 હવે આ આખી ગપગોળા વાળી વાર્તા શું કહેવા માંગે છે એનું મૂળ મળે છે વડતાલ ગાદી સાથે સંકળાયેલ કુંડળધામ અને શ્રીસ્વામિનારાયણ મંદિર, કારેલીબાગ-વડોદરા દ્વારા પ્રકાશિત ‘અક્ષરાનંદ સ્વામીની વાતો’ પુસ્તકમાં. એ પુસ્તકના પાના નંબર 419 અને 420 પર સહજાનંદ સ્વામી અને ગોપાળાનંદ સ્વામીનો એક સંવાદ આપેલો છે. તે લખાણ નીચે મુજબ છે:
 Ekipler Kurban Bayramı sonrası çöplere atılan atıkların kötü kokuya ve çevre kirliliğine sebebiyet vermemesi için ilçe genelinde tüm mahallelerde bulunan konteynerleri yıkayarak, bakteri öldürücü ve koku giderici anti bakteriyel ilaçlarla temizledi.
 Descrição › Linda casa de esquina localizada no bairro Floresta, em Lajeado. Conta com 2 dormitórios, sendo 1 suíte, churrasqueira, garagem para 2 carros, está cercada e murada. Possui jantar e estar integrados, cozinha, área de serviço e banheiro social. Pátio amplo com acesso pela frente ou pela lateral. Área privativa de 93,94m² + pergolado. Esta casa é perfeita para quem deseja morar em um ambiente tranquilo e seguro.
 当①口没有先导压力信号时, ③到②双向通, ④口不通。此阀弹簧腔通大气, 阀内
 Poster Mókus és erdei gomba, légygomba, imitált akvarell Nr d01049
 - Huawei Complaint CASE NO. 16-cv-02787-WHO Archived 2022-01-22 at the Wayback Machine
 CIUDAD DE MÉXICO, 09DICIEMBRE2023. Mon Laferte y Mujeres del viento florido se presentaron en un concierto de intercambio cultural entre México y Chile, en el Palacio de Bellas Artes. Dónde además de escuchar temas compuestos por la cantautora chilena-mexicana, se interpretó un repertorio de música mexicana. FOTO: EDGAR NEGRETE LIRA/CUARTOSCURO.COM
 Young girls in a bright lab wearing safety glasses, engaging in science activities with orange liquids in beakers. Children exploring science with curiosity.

• [WORK TASK]
Repeat the material exactly. Begin with its first line and end with the line that has "Poster Mókus és".

• [EXPECTED OUTPUT]
 હવે આ આખી ગપગોળા વાળી વાર્તા શું કહેવા માંગે છે એનું મૂળ મળે છે વડતાલ ગાદી સાથે સંકળાયેલ કુંડળધામ અને શ્રીસ્વામિનારાયણ મંદિર, કારેલીબાગ-વડોદરા દ્વારા પ્રકાશિત ‘અક્ષરાનંદ સ્વામીની વાતો’ પુસ્તકમાં. એ પુસ્તકના પાના નંબર 419 અને 420 પર સહજાનંદ સ્વામી અને ગોપાળાનંદ સ્વામીનો એક સંવાદ આપેલો છે. તે લખાણ નીચે મુજબ છે:
 Ekipler Kurban Bayramı sonrası çöplere atılan atıkların kötü kokuya ve çevre kirliliğine sebebiyet vermemesi için ilçe genelinde tüm mahallelerde bulunan konteynerleri yıkayarak, bakteri öldürücü ve koku giderici anti bakteriyel ilaçlarla temizledi.
 Descrição › Linda casa de esquina localizada no bairro Floresta, em Lajeado. Conta com 2 dormitórios, sendo 1 suíte, churrasqueira, garagem para 2 carros, está cercada e murada. Possui jantar e estar integrados, cozinha, área de serviço e banheiro social. Pátio amplo com acesso pela frente ou pela lateral. Área privativa de 93,94m² + pergolado. Esta casa é perfeita para quem deseja morar em um ambiente tranquilo e seguro.
 当①口没有先导压力信号时, ③到②双向通, ④口不通。此阀弹簧腔通大气, 阀内
 Poster Mókus és erdei gomba, légygomba, imitált akvarell Nr d01049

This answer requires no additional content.